In Chapter 19, Sugar admits that she did collude with Vince and write the ransom notes, but not because she wanted to hurt her siblings. Sugar tells J.J. that Vince promised to let her take books from the house library if she helped him lure J.J. into the house. However, when Vince comes to mock J.J., he reveals his ultimate plan of killing the chickens, and Sugar faints in shock.

In Chapter 20, the chicken family realizes that they are now locked in the house, and Vince plans to hurt them. They quickly strategize with J.J. and make a rescue plan. In Chapter 22, the chickens and J.J. collaborate to steal the doggy door tag off Vince’s collar and free J.J. from the crate while forcing Vince into it. With Vince locked away in the crate, J.J. and the chickens are free from danger.

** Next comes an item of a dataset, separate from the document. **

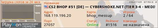 CS2 BHOP #51 [DE] — CYBERSHOKE.NET (TIER 3-4 - MEDIUM) представлен в виде сервера кс 2. Из всех имеющихся на сайте модификаций игровых серверов, вам может понравиться DeathRun серверы cs2. А для быстрой навигации по всем меткам - используйте главную страницу игры Counter Strike 2.

In Chapter 22, J.J. makes sense of the whole story, learning that the chicks liked visiting the house because of the TV and books and had grown to trust Vince through their visits. Moosh admits that she suspected Sugar might have something to do with the kidnapping mystery but that she was in a panic about her missing chicks. J.J. forgives her for not being honest with him. In the final chapter, Moosh admits she cannot pay J.J. a cheeseburger as promised, but he doesn’t mind. J.J. and the chicken family relax on the couch together, enjoying each other’s company. The Epilogue reveals that J.J.’s friendship with the chicks continues, and they like to visit him and hear his rescue stories. Vince, meanwhile, has had his surgery and still lives inside the house wearing a very large medical cone.